Tinha o nome mais lindo de que me posso lembrar: Imelda Francisca Silva Soares. Imelda soa-me muito bem, à boca e ao ouvido. O mel que nos faz abrir a boca e o requebro da língua para finalizar o som. O Francisca evoca monumentos, quiçá, um monastério austero. Austero é a palavra para descrever Francisca. Fazia-a toda pudica e tímida e bem comportada, mas o Imelda deixava antever alguma malícia. Que ela não tinha. A minha Imelda era tímida mesmo, de uma timidez medonha e desenxabida. Não era bonita. Era alta, sim, mas de formas difíceis. Peitos encaixotados em costelas largas, pernas indefinidas, não eram magras nem gordas, nada se destacava e tudo destoava.

Mas o seu sorriso cobria tudo e pouco me detinha nos seus pormenores inoportunos. Conheci-a durante um escrutínio na Ribeira Bote. Era a que contava os votos e enganou-se tantas vezes que tive que me sentar ao seu lado para juntos, podermos contar um a um e ir apontando num caderno. Eu apontava com quatro traços cortados a meio por um quinto, ela fazia cinco traços e uma bola à volta, que não significava nada, só confusão. Mas ela era tão mansa que não deu resposta às minhas provocações, eu queria discutir e ela sempre apaziguadora. Depois que já me tinha enrabichado por ela, descobri que não era casada mas vivia maritalmente, não tinha filhos, mas criava os do companheiro, não era feliz, mas era fiel.

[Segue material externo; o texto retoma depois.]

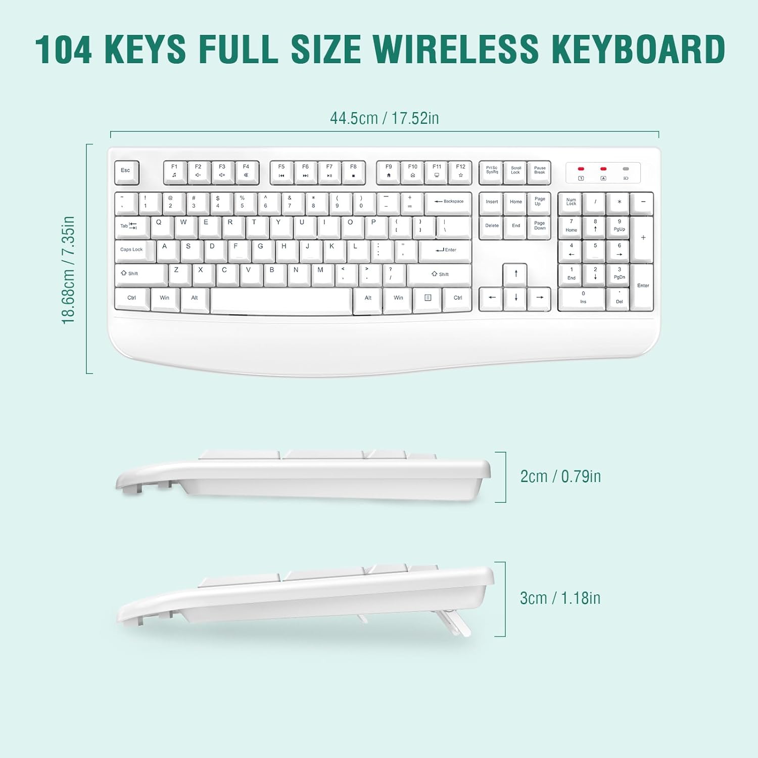 EDJO Wireless Keyboard, 2.4G Ergonomic Full Size Wireless Computer Keyboard with Wrist Rest for Windows, Mac OS Desktop/Laptop/PC(White)
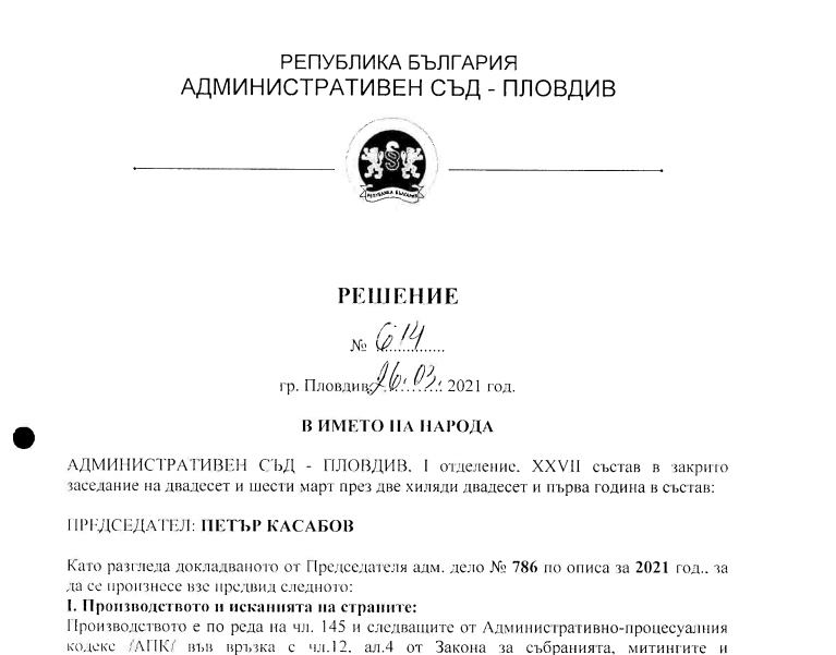 Партия Възраждане оспори заповедта на Мараджиев пред съда и вчера съдът я отмени, като осъди общината да плати разноските по делото, като посочи, че заповедта е в противоречие с материално правните норми и целта на закона. Решението е окончателно. Все пак трябваше съдът да припомни на кмета какво гласят разпоредбите на закона и Конституцията на Република България, с които той вероятно не се е запознал, съдейки по работата му.
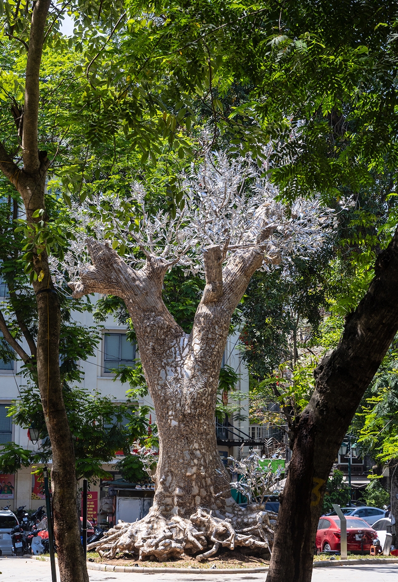 Trong ánh kim lấp lánh của lá thép, trong lớp vỏ xù xì của thép gò thủ công, người xem không chỉ thấy một cây cổ thụ được sống lại, mà còn thấy một Hà Nội kiên cường, nhân hậu – luôn biết cách đứng dậy sau bão giông.

Contra tudo isso, eu só tinha a minha teimosia, o meu orgulho, os meus olhos verdes e os meus quase dois metros, mais de cem quilos. Tinha de a conquistar. Não para a tirar de casa, apenas para saber que pecara por mim. Porque era meio religiosa também e assim, o pecado teria um sabor ainda mais doce.

(...)

2 comentários:

Anónimo disse...

Havia outra Imelda, a das Filipinas, casada com o ditador Marcos e que era doida por sapatos: tinha milhares deles. Não me lembro de a ter visto na Ribeira Bote...!

a) RB

P.S.: Um bom 2011

Eileen Almeida Barbosa disse...

Bom ano, RB. Havia, de facto, a outra Imelda. Se gostava de um sapato, compravo-o em todas as cores.